January 26th, 2022
Sales of existing homes shrank as starts on housing construction grew. Meanwhile, layoffs hit their highest level since October.
Existing Home Sales
Transactions of existing single-family homes, townhomes, condos and co-ops dropped 4.6 percent in December to an annual rate of 6.18 million, according to last week’s report from the National Association of Realtors. December’s sales broke a three-month streak of sales growth, and when compared to the same period a year ago, December’s sales were 7.1 percent lower than December 2020’s pace of 6.65 million.
What caused the drop in sales volume? NAR’s Chief Economist Lawrence Yun certainly didn’t attribute it to declining interest from buyers.
“December saw sales retreat, but the pull-back was more a sign of supply constraints than an indication of a weakened demand for housing,” Yun explained in comments accompanying NAR’s report. “Sales for the entire year finished strong, reaching the highest annual level since 2006.”
When it comes to the supply side, the number of existing homes for sale at the end of December dropped 910,000 units, which represented a 1.8-month supply at December’s sales pace. December’s inventory was down 18 percent from November inventory and was 14.2 percent below December 2020’s supply of 1.06 million units.
December’s median price for existing homes of all types was $358,000, which was 1.15 percent above November’s median of $353,900 and was 15.8 percent higher than December’s 2020’s median price of $309,200, with prices rising in all regions. This was the 118th consecutive month of year-over-year price gains.
“This year, consumers should prepare to endure some increases in mortgage rates,” Yun noted. “I also expect home prices to grow more moderately by 3 percent to 5 percent in 2022, and then similarly in 2023 as more supply reaches the market.”
Looking at future housing inventory, starts on the construction of private housing in November rose to an annual rate of 1.7 million, which was 1.4 percent above November’s revised rate of 1.67 million, according to last week’s report from the Census Bureau and Department of Housing and Urban Development.
December’s housing starts came in above the annual rate of 1.65 million that economists had forecasted, and when compared to the same period a year ago, December’s starts were 2.5 percent over December 2020’s pace of 1.66 million.
That said, starts on single-family homes in December dropped to an annual rate of 1.17 million, which was 2.3 percent below the revised November pace of 1.19 million. Meanwhile, starts on buildings with five units or more expanded to an annual rate of 524,000, which was 13.7 percent above November’s revised pace of 461,000.

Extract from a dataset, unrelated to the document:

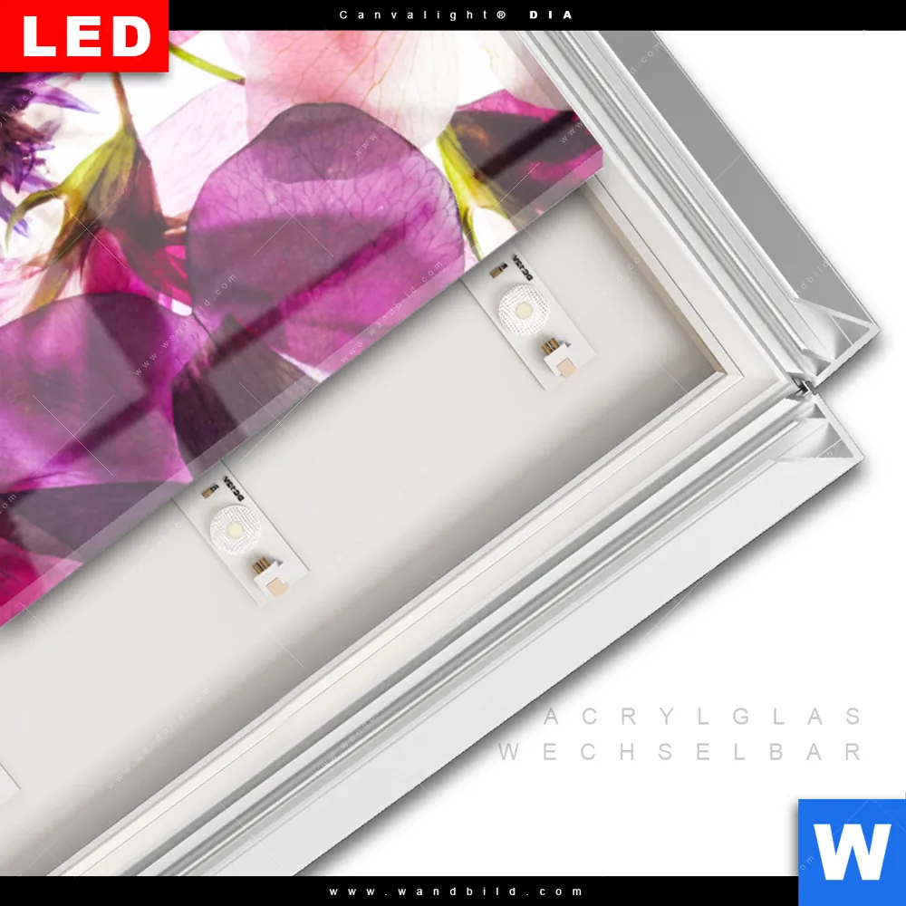 LED-Glasbild mit austauschbarem Acrylglas-Druck (Wechselbild)

Building permits issued in December for the construction of private homes rose to an annual rate of 1.87 million, which was 9.1 percent above November’s revised rate of 1.71 million. Permits for single-family homes increased to a rate of 1.12 million for the month, which was 2 percent above November’s revised pace of 1.06 million. Permits issued in December for buildings with five units or more rose 19.9 percent to an annual rate of 675,000, up from 563,000 in November.
Initial Jobless Claims
In related news, first-time claims for unemployment benefits filed by recently unemployed Americans during the week ending January 15th grew to 286,000, an increase of 55,000 claims over the previous week’s revised total of 231,000, the Employment and Training Administration reported last week.
Last week’s claims were well above economists’ expectations of a decline in initial jobless claims to 225,000 and marked a three-month high. However, initial jobless claims are still just inside the 300,000-claim territory that economists say indicates a growing job market.
The four-week moving average, which is considered a more stable measure of jobless claims, rose to 231,000, which was 20,000 claims above the preceding week’s revised average of 211,000 claims.
Mike Loewengart, managing director of investment strategy for E-Trade, told CNBC the job market is a short-term surge in claims related to the pandemic.
“Omicron has put a wrench in where we stand on the labor market front, but with hiring challenges, employers are likely trying to hold onto their workforce,” he explained.
This week, we can expect:
Tuesday – Consumer confidence for January from The Conference Board.
Wednesday – New home sales for December from the Census Bureau and Department of Housing and Urban Development.
Thursday – Initial jobless claims for last week from the Employment and Training Administration; fourth-quarter gross domestic product from the Bureau of Economic Analysis; durable goods orders for December from the Census Bureau.
Friday – Personal incomes and consumer spending for December from the Bureau of Economic Analysis.